Intra-Acting
(Inter-Acting)
“Effective action leads to effective action: it is the cognitive circle that characterizes our becoming, as an expression of our manner of being autonomous living systems.” Maturana and Varela
All we can do is generate explanations, through language, that reveal the mechanism of bringing forth a world.” Maturana and Varela
“ Everything we do is a structural dance in the choreography of coexistence.” Maturana and Varela
Entropy, the reorganization and dispersal of energy in systems, is fundamental to systemic design because it measures the relative availability of materials and energy over time. In design for sustainability, entropy is a pervasive factor in materials specification, resource utilization management, and resource stewardship. In conventional design, entropy is always in play in the form of planned or unplanned obsolescence whether the design team takes it into consideration or not. What if as designers we could reframe entropy as an opportunity rather than an obstacle, and channel it for positive benefit? <Destroying - Creating>
Contrary to popular practice, design does not always have to solve for consistency and universality. Becoming curious about the ways that entropy shows up may highlight the bias that industrial design has for regularity, stability, and durability. The opportunity costs and down-cycling that entropy usually connotes are curiously inverted in Agathonic Design, a methodology especially relevant to attachment theory as it relates design for quality economies and flourishing, sustainable lifestyles. The term “agathonic design” was coined in 2005 (?) by Michael Helms in the course of his doctoral studies in the Design Group of Mechanical Engineering Department at Stanford. In conjunction with Professor of Mechanical Engineering Larry Leifer, Helms further describe this high potential design arena and published research elaborating its process criteria in “Designing Objects that Improve With Use” (Helms and Leifer, 2009). By inquiring into the benefits and advantages as opposed to the more familiar downsides of entropy, their research examines the ways that classes of artifacts — whether immaterial or material — may be perceived as improving with use. “The process of directing entropy to a greater good (“toward goodness”) led to the expression “agathonic design”. The word “agathonic” was synthesized from the Greek words for good “agatha”, and the word for earth “chthonic.”” (Helms and Leifer)

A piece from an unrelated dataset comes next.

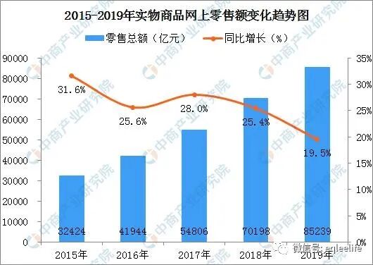新兴零售业态快速发展。随着物流配送体系的完善以及网购用户数量的增多,网上零售继续保持快速增长。2019年,全 实物商品网上零售额比上年增长19.5%,增速比社会消费品零售总额快11.5个百分点,占社会消费品零售总额的比重为20.7%,比上年提高2.3个百分点。 家邮政局预计2019年快递业务量和业务收入分别完成630亿件和7450亿元,分别增长24%和23%。据测算,实物商品网上零售额对社会消费品零售总额增长的贡献率超过45%。

How do process interactions influence the bonds we form with our possessions? And how may our environmental bonds influence the persistence or variability of our daily routines? In contrast to predictive, controlling and just-in-time ways of designing, agathonic design cooperates with entropy in co-adaptations that accrue over time in repeated processes of direct interactions, usually customized to the idiosyncrasies of single individuals. Designing in time is a post-postmodern, post-representational interaction design criterion with relevance to mass customization. Agathonic design is a form of meta-designing - or designing about the process of designing — because it takes the entire lifecycle of the design as its scope of consideration and it factors the design team and users as two of many possible reciprocal influences on the overall system constellated by the designed artifact.
My hypothetically perfectly juicy, sweet and succulent peach does not fit the criteria of agathonic. Cultivated produce such as fruits that ripen then steadily decay and eventually rot are not agathonic. Nor are objects whose value increases strictly by virtue of age or rarity rather than as a result of having been used - such as artworks or collectibles - agathonic. Nor do patinas resulting from oxidization over time, nor computer-controlled devices qualify artifacts as agathonic. The term agathonic is reserved for objects and artifacts whose perceived functionality improves by means of use. Iconic examples would include denim blue jeans and performance footwear.
Helms was originally inspired by his observation that his truck engine’s performance self-optimized as a result of being used. This got him curious about what other contexts of performance and utility this value- added phenomenon might apply. As Helms gathered examples, four distinct patterns emerged, including progressive and steady decay with use over time, to progressive perceived improvement with use over time. This progressive perceived improvement was what Helms dubbed an agathonic property of user-object interactions. Helms asserted that in co-adapting to one another through regular interactions, the user and the object co-constitute a higher performing system. This intriguing line of exploration means that although entropy increases through use in the form of disorder and wear, the functional value to the user is paradoxically enhanced in the form of order and decreased entropy.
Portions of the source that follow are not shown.